Жизнь перевернулась, когда мы приехали в город. У папы случился инсульт.
Все боялись, что он не оправится, но он оправился. Он и сейчас невнятно говорит, не может ничего держать в левой руке и окончательно потерял зрение, но в его возрасте это не самое страшное, что может быть. Вообще он отлично держится для своих лет. Моя прабабушка — его бабушка — прожила сто девять лет, так что задатки долгожителей у нас есть. А тогда мы были так заняты страхом и заботой о папе, что не заметили, как страна вокруг нас перестала существовать.
— А почему вы стираете свидетелям память?
— А зачем хорошим людям сидеть в психушке? — я ответил вопросом.

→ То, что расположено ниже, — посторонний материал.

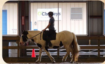
Rider and horse enjoying a workout. They stopped to say hello!
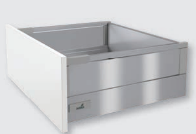
Pot-and-pan drawer with TopSide metal, height 176 mm
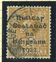
T6 (vfu) €15
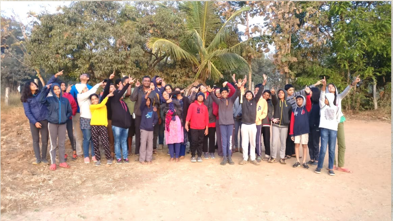
That's my favourite star / planet !!!
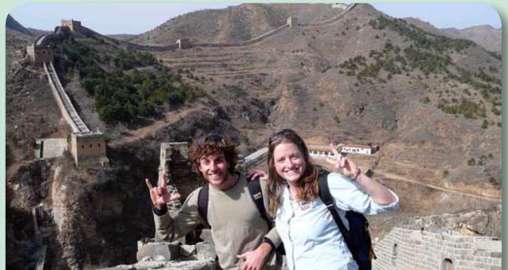
The Great Wall of China is over 2,000 years old and took 100 years to build!
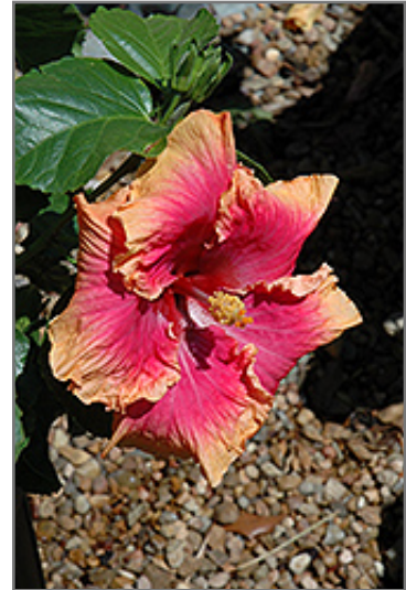
Pink Lemonade Hibiscus flowers

Pink Lemonade Hibiscus is a fine choice for the garden, but it is also a good selection for planting in outdoor pots and containers. With its upright habit of growth, it is best suited for use as a 'thriller' in the 'spiller-thriller-filler' container combination; plant it near the center of the pot, surrounded by smaller plants and those that spill over the edges. It is even sizeable enough that it can be grown alone in a suitable container. Note that when growing plants in outdoor containers and baskets, they may require more frequent waterings than they would in the yard or garden.
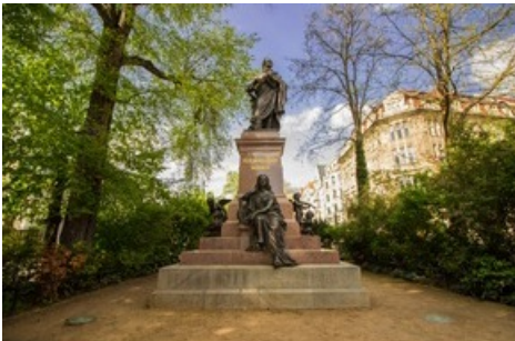
The Mendelssohn Monument in Leipzig's city centre commemorates one of the city's most famous composers.

Diese Meldung kann unter https://www.presseportal.de/en/pm/70361/5145791 abgerufen werden.
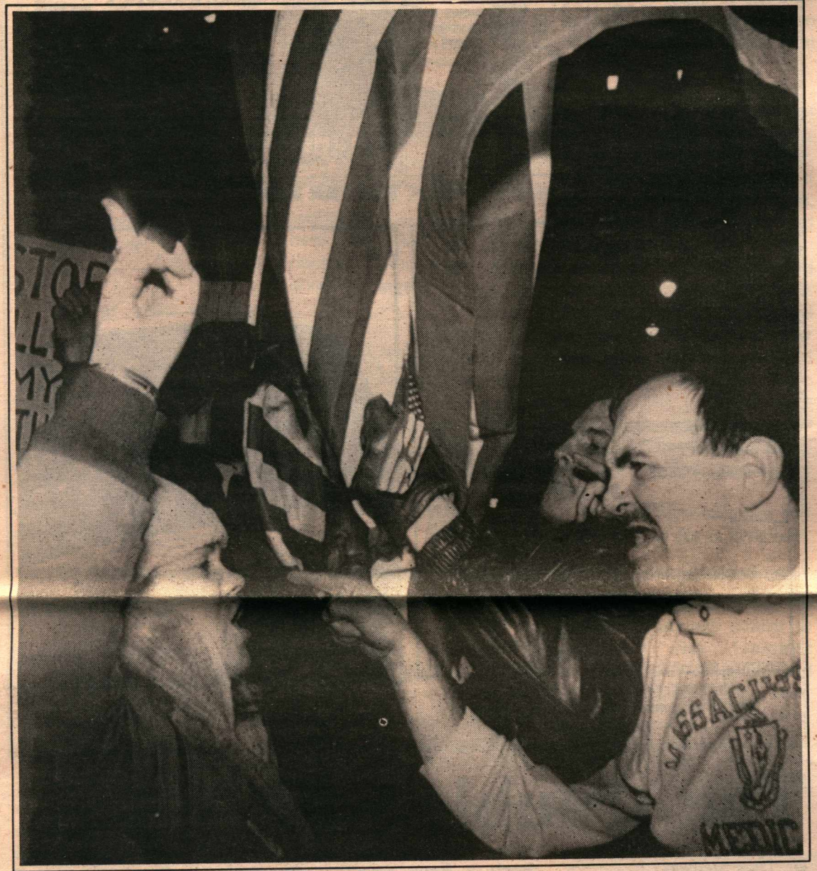
An anti-war demonstrator in Boston faces off against a supporter of U.S. troops in the Persian Gulf. Approximately 600 anti-war marchers argued with around 60 people supporting the war and the troops.
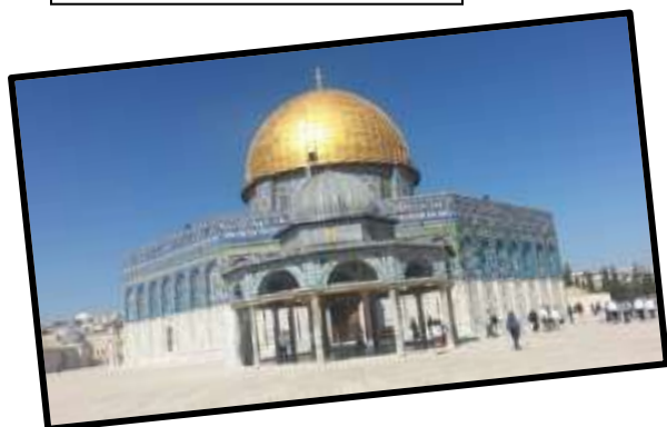
Temple Mount, Jerusalem
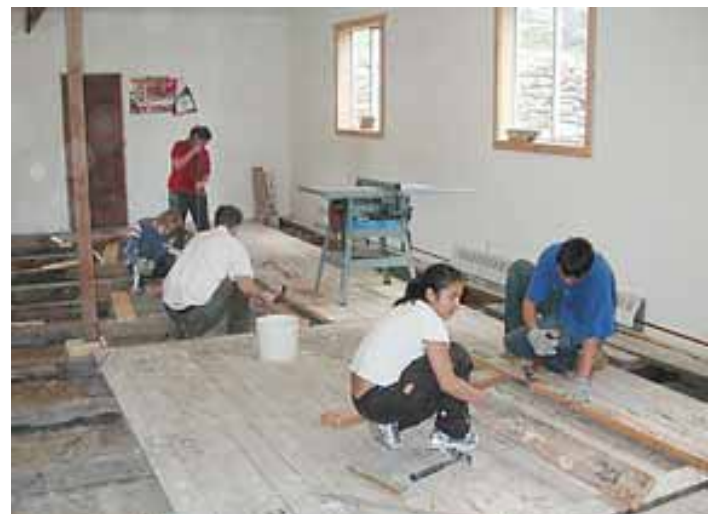
Katimavik crew pulling up planking;
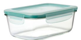
REUSABLE FOOD CONTAINER
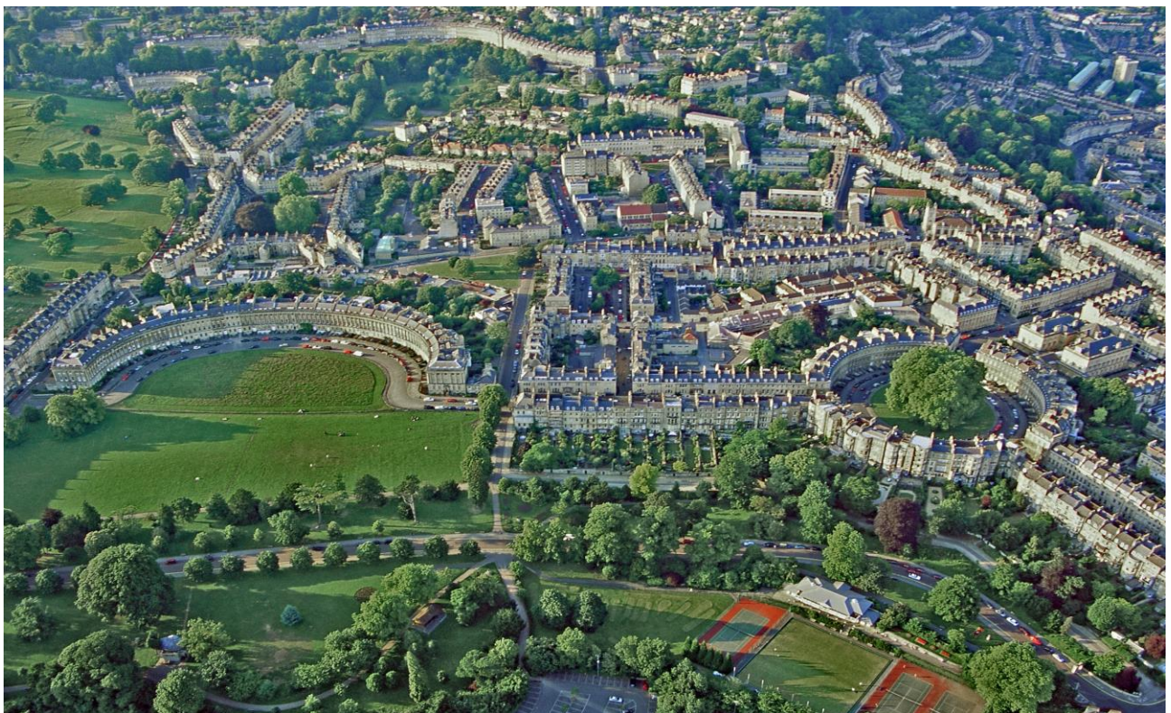
Aerial view of the Circus and Royal Crescent

New types of architecture appeared including squares, crescents and the Circus. Attractive views to the green hills beyond were deliberately created.
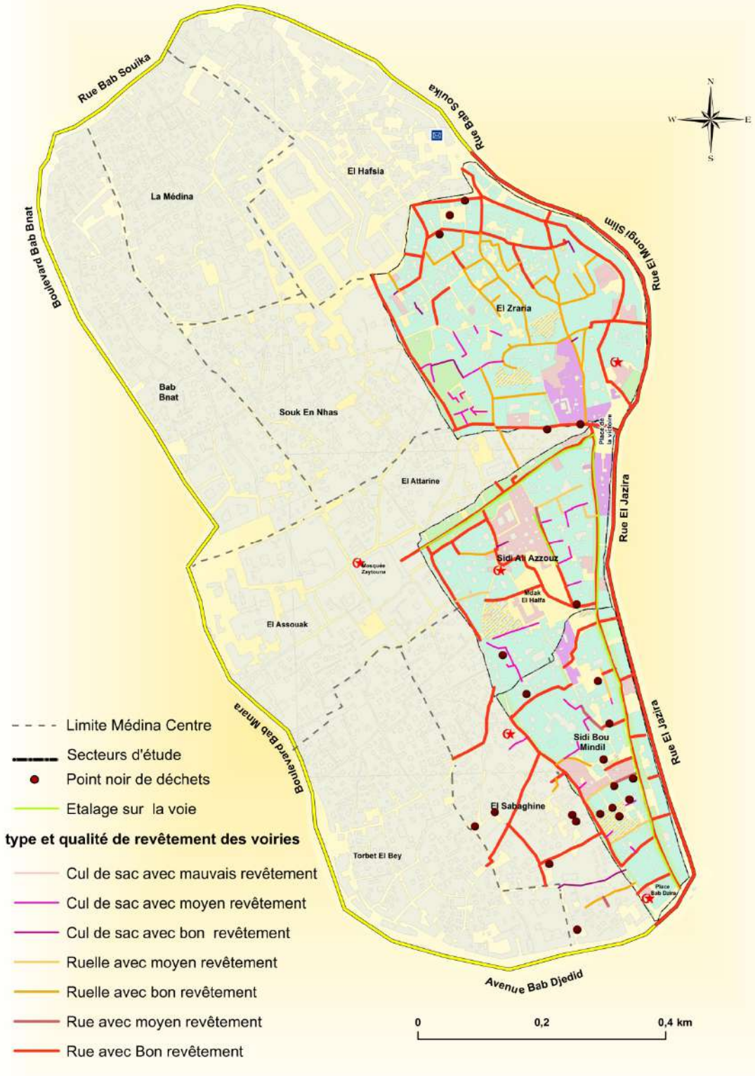
Map 2 : Features of road networks in the studied areas

Не люблю так делать, но вариантов не видел.
— Ну вот я, например, и так никому ничего не скажу.
— И будешь жить, зная… зная это все? — сочувственно произнесла Дарья.
— Буду, — решительно сообщила Катя.
Таксист хрюкнул.
Они не могли ей ничего сказать. То, что они знали, невозможно было передать человеческой речью. Но Катя принадлежала к редкой породе сумасшедших, отказавшихся от сотрудничества с серафимом. Это у нее было семейное. Но она, в отличие от отца, последовала за мной, и теперь задавала бессмысленные с точки зрения остальных моих спутников вопросы.
— А Пушкину почему не стерли?
— ?!
— «И шестикрылый серафим на перепутье мне явился…»
— Стер, — сказала Дарья. — Совпадение.